The French National Defense Medal is awarded to someone who has rendered honourable services particularly important to the defence of France. It was created in 1982 by a French Defense Minister.

While in Iraq, Chief Superintendent Levy served as the Chief Gender Advisor for the Coalition under the command of the French General of J9, General Staff of the Operation Inherent Resolve in Iraq.

A strong commitment for the general interest led her to outstanding results in favour of the coalition, especially in regard to awareness and inclusion of respect as to gender equality within Iraqi police and land army training, said Consul General Philippe Sutter during today’s ceremony.

More can be found about C/Supt Levy’s career.

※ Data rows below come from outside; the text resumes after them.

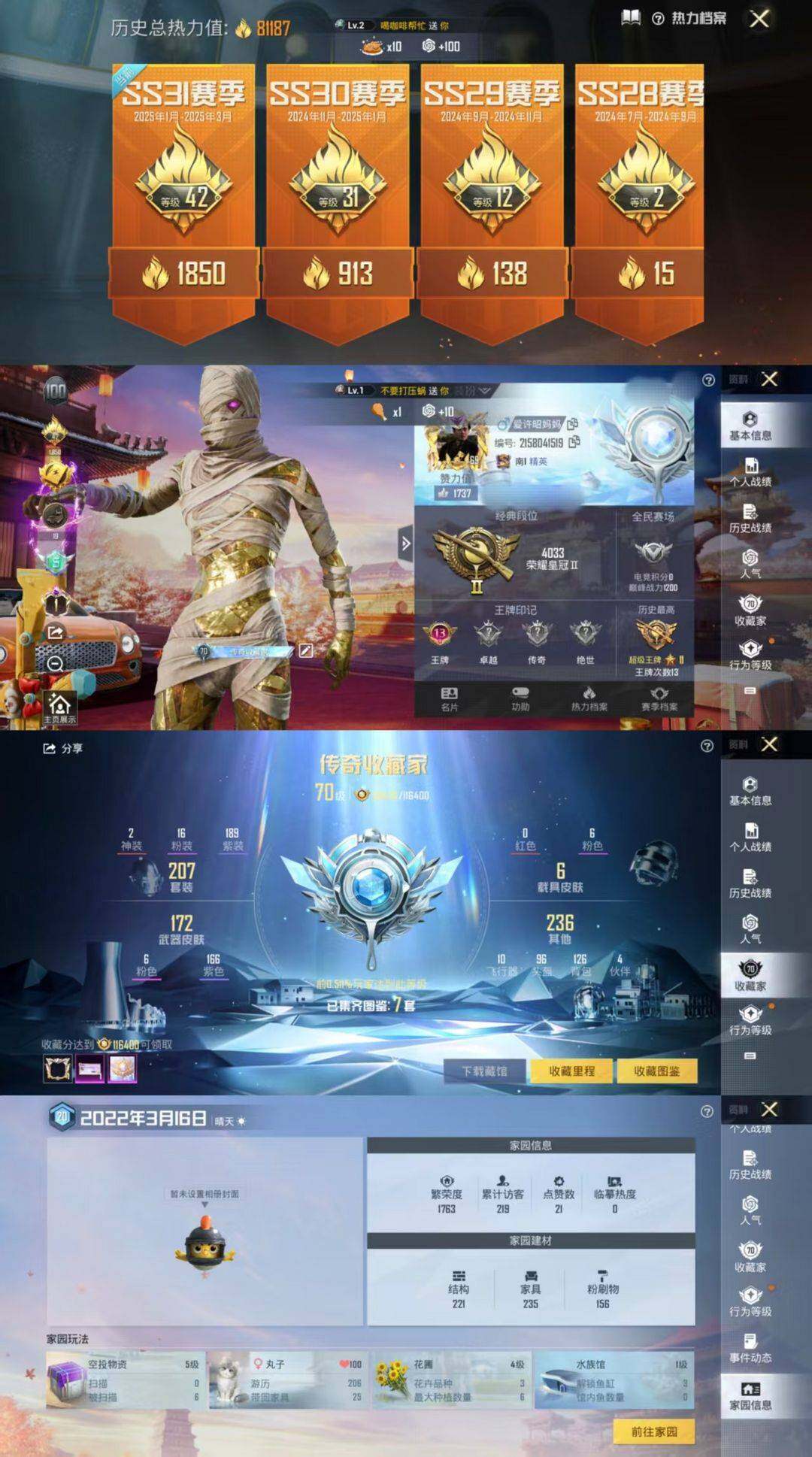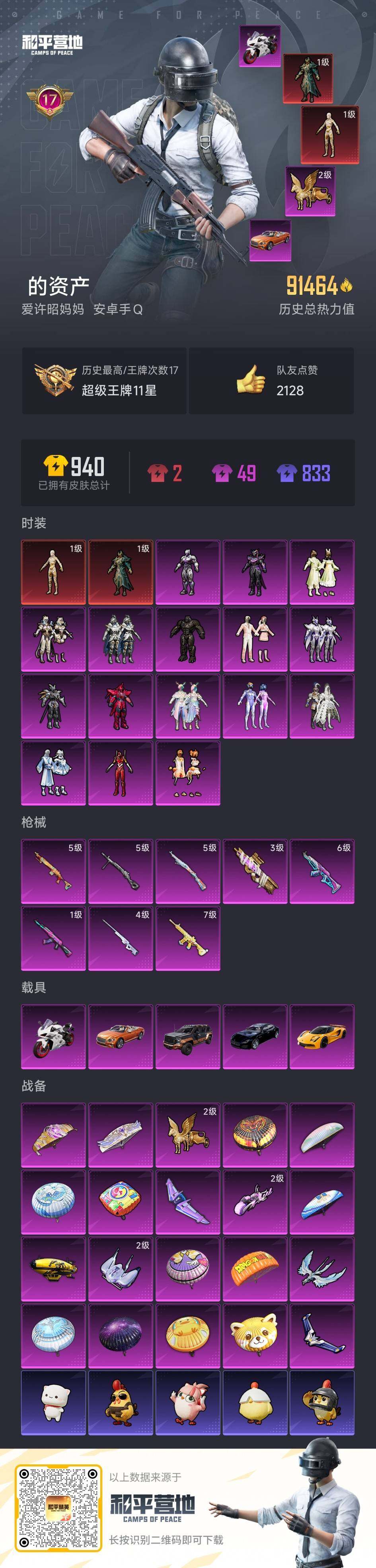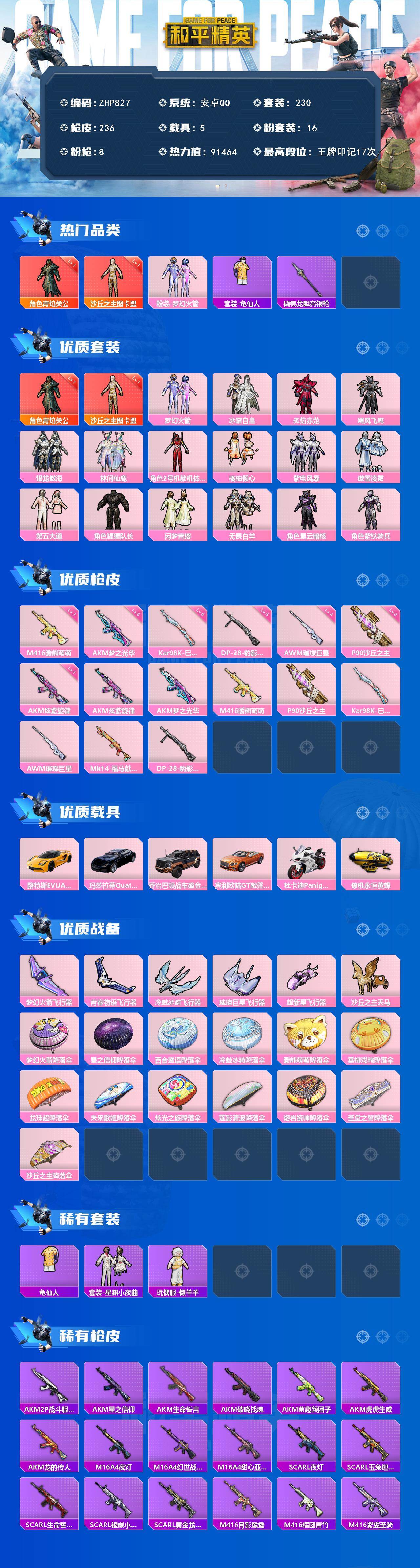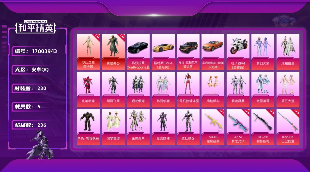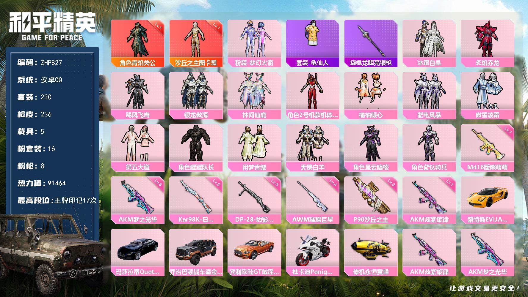 [17003943]安卓 手Q-2神装-16粉装-8特效枪-5载具-6粉色飞行器-91464热力值-17王牌印记-230套装-236枪皮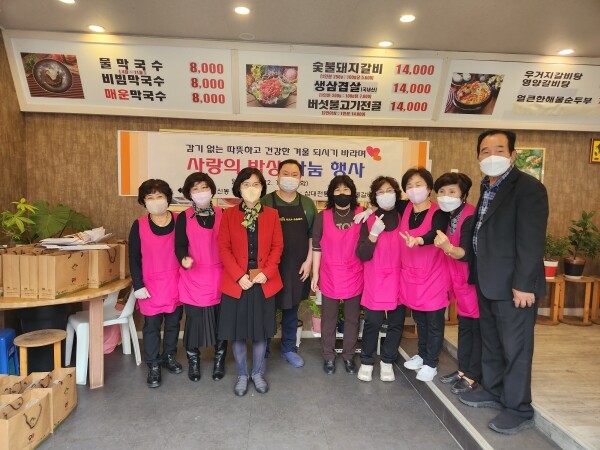 김태식 삼대전통막국수숯불갈비 대표는 “든든한 한 끼 식사로 어르신들이 따뜻한 겨울을 날 수 있길 바라는 마음에서 후원하게 됐다”며 “앞으로도 지속해서 사랑의 밥상 나눔 행사를 통해 우리 주위의 이웃들과 작은 사랑을 나누고 싶다”고 말했다.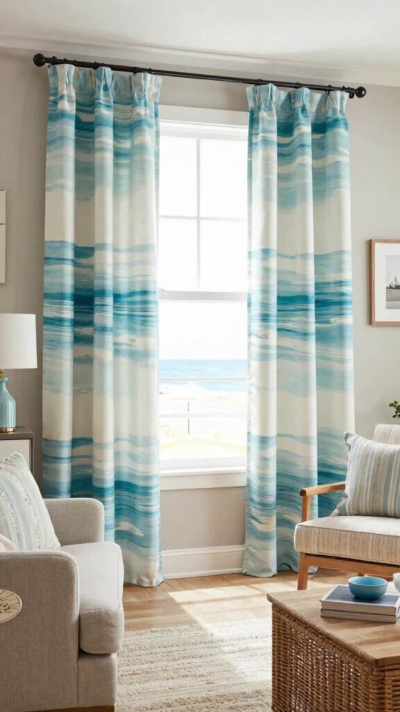 This post is perfect for anyone looking to infuse their living room with beachy decor or nautical themes. Whether you’re redecorating or just want to refresh your window treatments, you’ll find something here that speaks to your style. From light filtering curtains that let in a soft glow to bold prints that make a statement, these ideas will help you achieve the coastal look you crave.
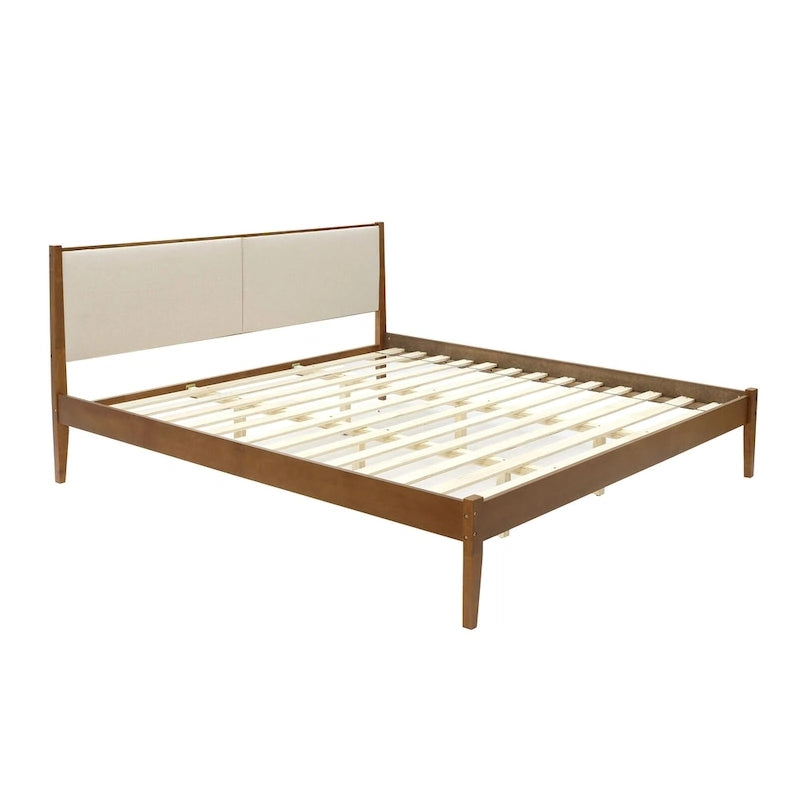 Beige Upholstered Headboard and Wood Frame Set, Queen or King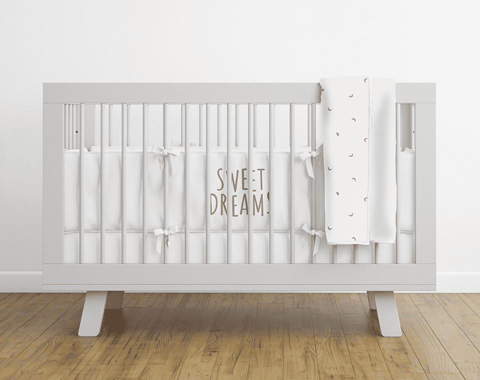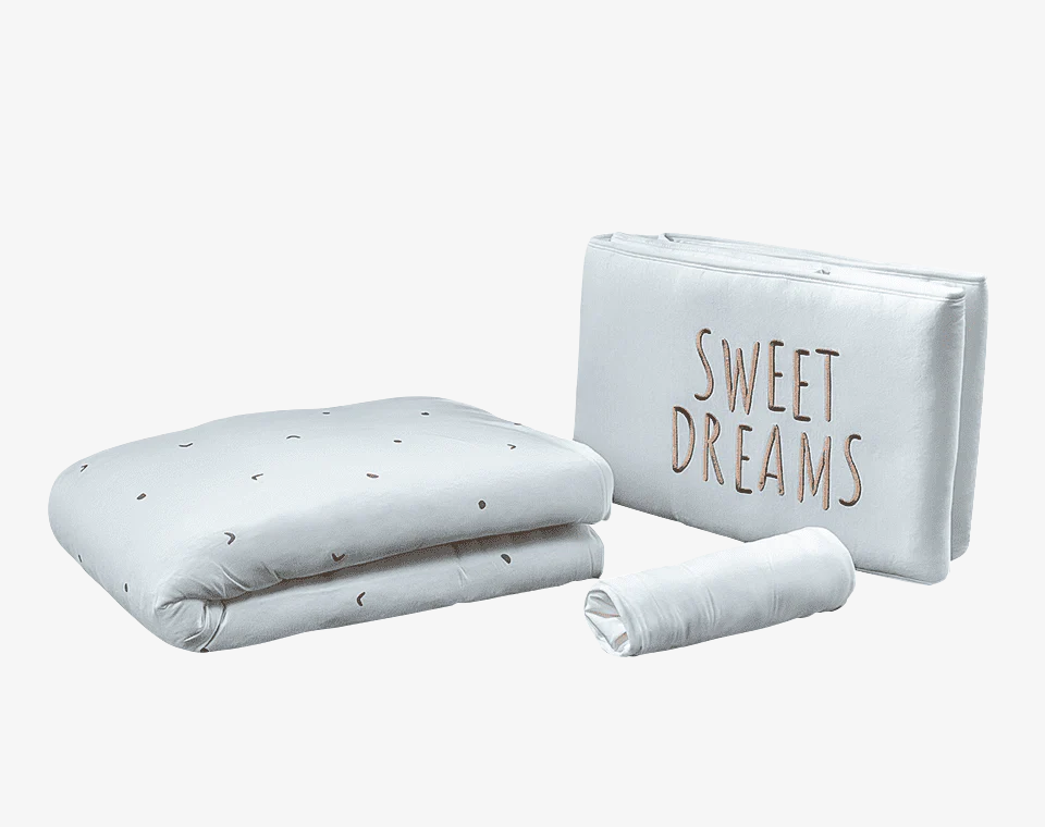 סט מצעים למיטת תינוק לבן דפוס סהר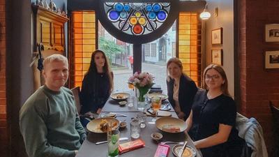 Ziedotājas Zaigas Alksnes-Phillips tikšanās ar bijušajiem stipendiātiem Mareku Marčuku, Indru Stiurenieci un esošo stipendiāti Agitu Strazdiņu.

Mr. Sutter added, Chief Superintendent Maureen Levy represented proudly the Canadian Police and contributed widely to the full success of the French coalition operation Chammal in Irak.

C/Supt. Levy said that her deployment to Iraq was the pinnacle of her career to date and that she was fortunate and privileged to work alongside the French Coalition military and other Coalition military personnel with the goal to defeat Daesh. Knitting communities back together, whether in Canada, Iraq or other parts of the world with the view to help create safe and secure communities requires an inclusive approach. French General Jean-Marc Vigilant played a vital and integral role in this regard as he was truly a champion for inclusivity and diversity during our tour in Iraq and it was indeed a privilege and honor to work alongside him.

I am honoured and humbled to receive this medal from Vancouver French Consul General Philippe Sutter and I want to thank the RCMP and the Government of Canada for enabling me to lend a hand to a fragile country that needed our help, says C/Supt. Levy.

For over 30 years, Canadian police have deployed to some of the world’s most fragile and conflict-affected areas. More than 4000 Canadian police officers have served on over 66 peace operations since the program began in 1989.

1 Comment

  1. Francois Hummell Supt.retired says:

    Congratulations to you. C/Supt Levy. I was Commander of the Canadian Contingent in Haiti and Director of Operations. To be honoured by the French is something to be proud of. In Haiti, the UN commissioner of Police was a French Officer at the time and was sent back for being incompatible with the agencies he had to work with.
    You and I understand fully well the difficulties you had to face during your tour of duty. It is a feat in itself. Wear the medal proudly; it is worth it’s weight in gold.
    Enjoy life. After your tour of duty, how grateful you must feel to be Canadian.
    We share the bond of having served representing our country and our force.